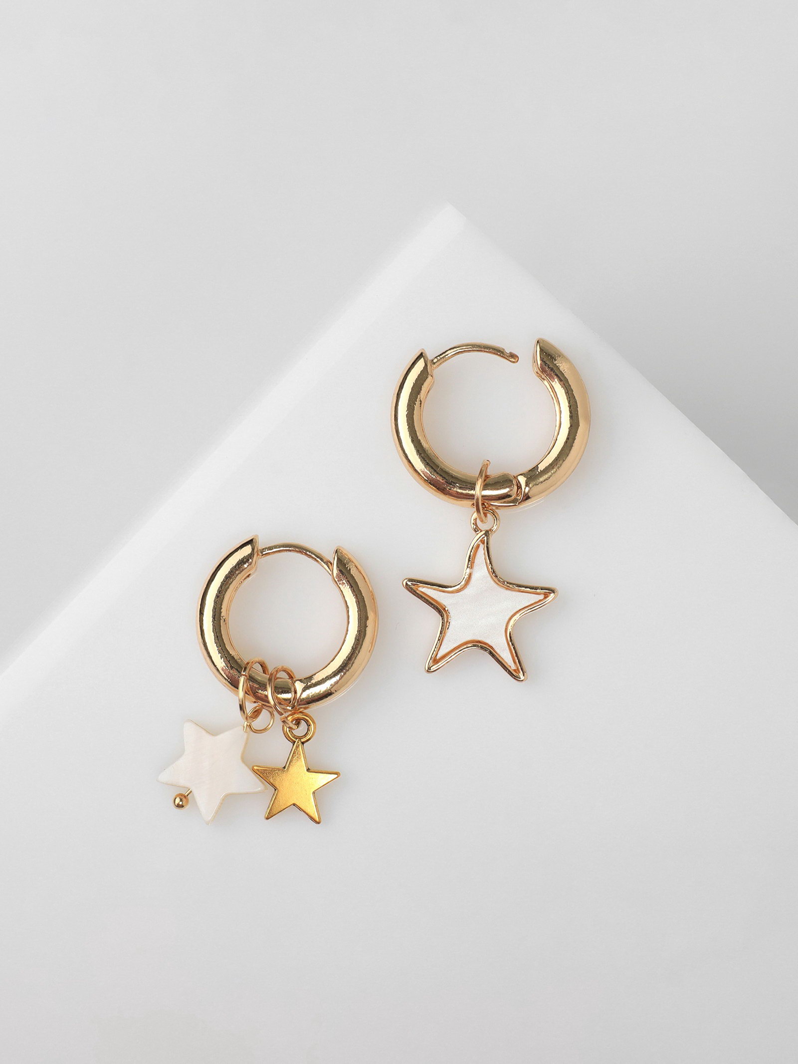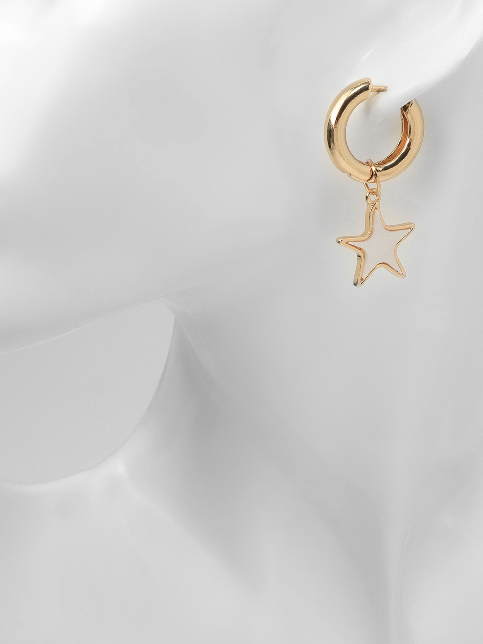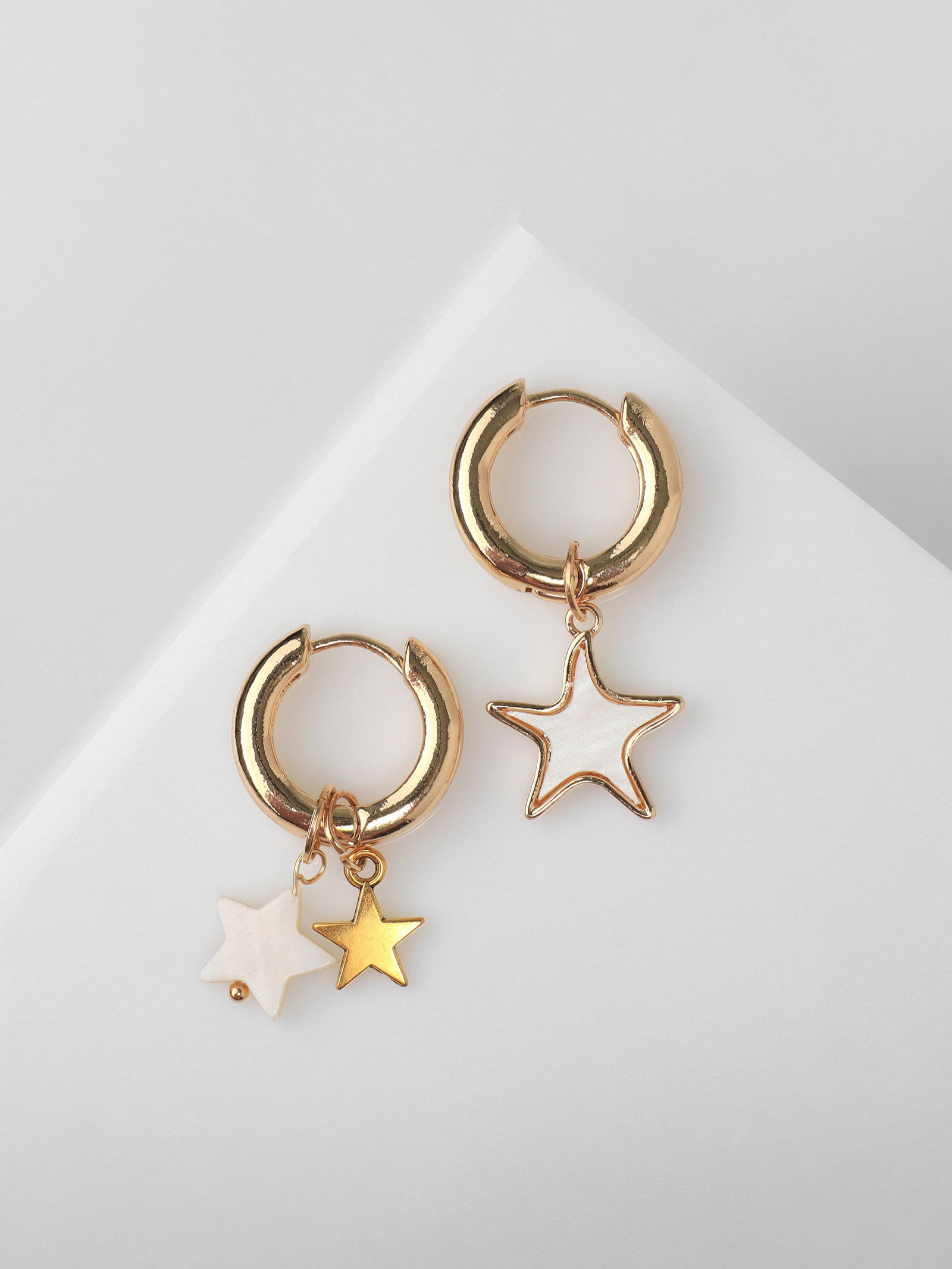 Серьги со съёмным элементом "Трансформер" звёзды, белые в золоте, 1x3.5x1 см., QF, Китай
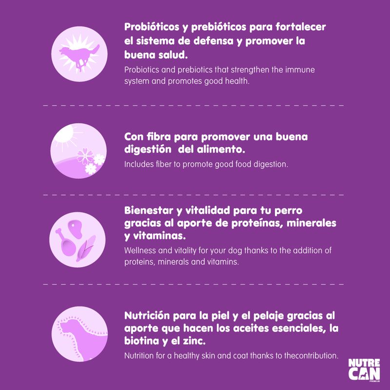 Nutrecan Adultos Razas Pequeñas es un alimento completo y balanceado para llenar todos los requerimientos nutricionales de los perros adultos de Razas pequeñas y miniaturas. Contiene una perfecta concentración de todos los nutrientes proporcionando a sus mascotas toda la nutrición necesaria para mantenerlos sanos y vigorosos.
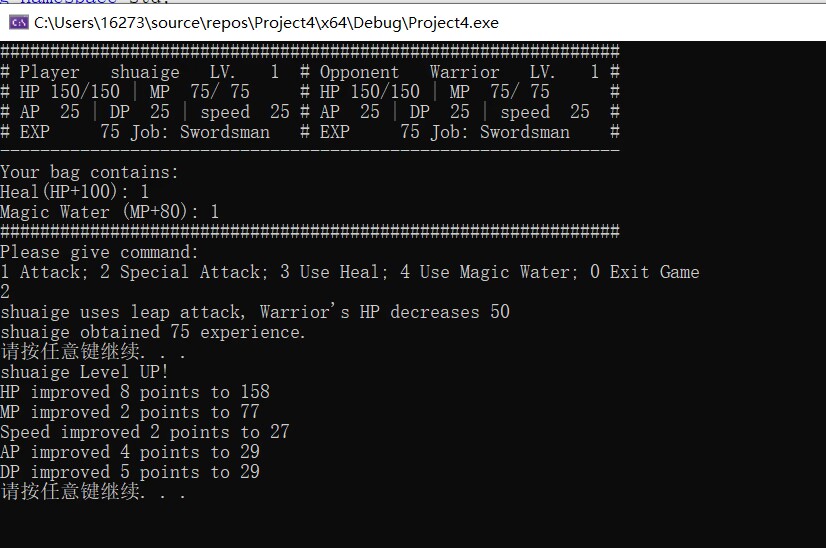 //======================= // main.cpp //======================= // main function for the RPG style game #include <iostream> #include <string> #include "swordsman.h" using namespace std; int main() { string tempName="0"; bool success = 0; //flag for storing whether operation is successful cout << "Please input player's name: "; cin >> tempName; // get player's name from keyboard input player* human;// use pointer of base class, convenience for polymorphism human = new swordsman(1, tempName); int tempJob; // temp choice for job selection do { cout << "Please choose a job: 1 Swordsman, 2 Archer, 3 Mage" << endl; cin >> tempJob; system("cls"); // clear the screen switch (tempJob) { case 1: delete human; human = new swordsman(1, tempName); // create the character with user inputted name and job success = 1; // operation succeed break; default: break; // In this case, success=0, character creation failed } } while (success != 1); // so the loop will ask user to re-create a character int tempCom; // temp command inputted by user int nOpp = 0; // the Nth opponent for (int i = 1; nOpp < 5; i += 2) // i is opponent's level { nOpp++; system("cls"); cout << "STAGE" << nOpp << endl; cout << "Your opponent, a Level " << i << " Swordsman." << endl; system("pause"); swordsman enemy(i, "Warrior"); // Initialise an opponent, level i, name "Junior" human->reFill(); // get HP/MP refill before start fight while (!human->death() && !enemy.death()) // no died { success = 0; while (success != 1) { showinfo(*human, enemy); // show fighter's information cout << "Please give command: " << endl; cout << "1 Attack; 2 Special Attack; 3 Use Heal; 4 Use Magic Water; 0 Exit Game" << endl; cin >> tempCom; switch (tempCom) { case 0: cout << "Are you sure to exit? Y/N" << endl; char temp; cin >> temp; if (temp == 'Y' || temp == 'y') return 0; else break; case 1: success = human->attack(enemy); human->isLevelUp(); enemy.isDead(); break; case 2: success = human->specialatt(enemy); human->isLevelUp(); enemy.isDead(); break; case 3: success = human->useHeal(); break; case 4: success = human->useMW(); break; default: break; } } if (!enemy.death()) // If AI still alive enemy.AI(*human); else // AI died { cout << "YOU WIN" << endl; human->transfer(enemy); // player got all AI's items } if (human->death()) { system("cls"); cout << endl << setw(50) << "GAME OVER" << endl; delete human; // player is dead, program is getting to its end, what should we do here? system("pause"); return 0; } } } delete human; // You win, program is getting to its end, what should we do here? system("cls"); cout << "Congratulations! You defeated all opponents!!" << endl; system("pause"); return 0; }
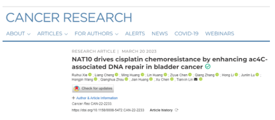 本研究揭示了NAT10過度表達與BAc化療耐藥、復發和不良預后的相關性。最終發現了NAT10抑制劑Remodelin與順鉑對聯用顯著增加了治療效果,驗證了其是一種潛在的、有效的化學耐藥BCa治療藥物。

..........

## Your objective
Leave the pictures out and output exactly the lines above, from the start of the listing through the line with "Nutrecan Adultos Razas".

## Answer to this task
 Серьги со съёмным элементом "Трансформер" звёзды, белые в золоте, 1x3.5x1 см., QF, Китай
 Nutrecan Adultos Razas Pequeñas es un alimento completo y balanceado para llenar todos los requerimientos nutricionales de los perros adultos de Razas pequeñas y miniaturas. Contiene una perfecta concentración de todos los nutrientes proporcionando a sus mascotas toda la nutrición necesaria para mantenerlos sanos y vigorosos.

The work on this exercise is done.